The overwhelming approval with which Martin Luther King, Jr is remembered today stands in ironic contrast to the way he was perceived by white Americans while he was alive.

We may love Dr. King today, but that is a fairly recent phenomenon. We have Gallup poll data from May 1963 which show that 46% of Americans held an unfavorable view of King. The only public figure more disliked in the poll was Soviet leader Nikita Khrushchev.

The poll also noted that 78% of white people would leave their neighborhood if many black families moved in. When it comes to MLK’s march on Washington, 60% had an unfavorable view of the march, stating that they felt it would cause violence and would not accomplish anything

By 1966, more than two-thirds of Americans had an unfavorable view of the civil rights leader. In other words, King was soundly rejected by most Americans.

Public opinion of King took decades to change. In 1986, he was given a national holiday, and a year later, more than three-quarters of white Americans had a favorable view of him, according to the Gallup poll of 1987.

So what changed?

Some of this change can be attributed to the replacement of older and less educated white Americans by younger, better educated ones.

But there is a more interesting and revealing answer.

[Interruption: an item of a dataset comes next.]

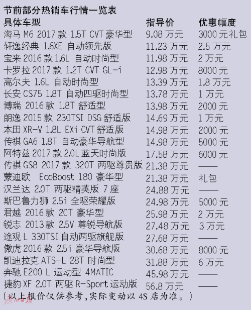 有經(jīng)銷商表示,由于今年春節(jié)來得比較早,目前大部分汽車品牌還沒有接到新一年的市場(chǎng)促銷政策,因此市場(chǎng)上還沒有出現(xiàn)大力降價(jià)促銷的情況,基本保持原有優(yōu)惠幅度。記者留意到,節(jié)前最后半個(gè)月,也有部分車型有較大的讓利幅度,但多為在廣州本地銷量較為一般的高端車或豪華車,如凱迪拉克、英菲尼迪等部分車型,優(yōu)惠基本超過6萬元以上;進(jìn)口大眾途銳的優(yōu)惠高達(dá)10萬元以上;樓蘭也有高達(dá)7萬元優(yōu)惠。而熱銷車型,如卡羅拉,近期只有6000~8000元優(yōu)惠,比此前的1.2萬~1.6萬元優(yōu)惠縮水不少;朗逸近期也只有8000~1萬元讓利,比此前也縮水近一半。經(jīng)銷商建議,如果不急著節(jié)前買車,等到節(jié)后看看也不遲。

Oakland University political science professor Sheldon Appleton argues that the change in perception of King may be the result of a “widespread lack of knowledge about him and the history of the civil rights movement among the young-and even among many of those who lived through it”

Appleton writes:

Just 30 years after the March on Washington, 57% of white Americans admitted knowing little or nothing about the event. Only 11% claimed they knew or remembered “a great deal.” Among American adults under thirty years of age, white and black, the percentage confessing ignorance approached three-fourths.

In large part, you can thank our collective ignorance for shaping our perception of this great man.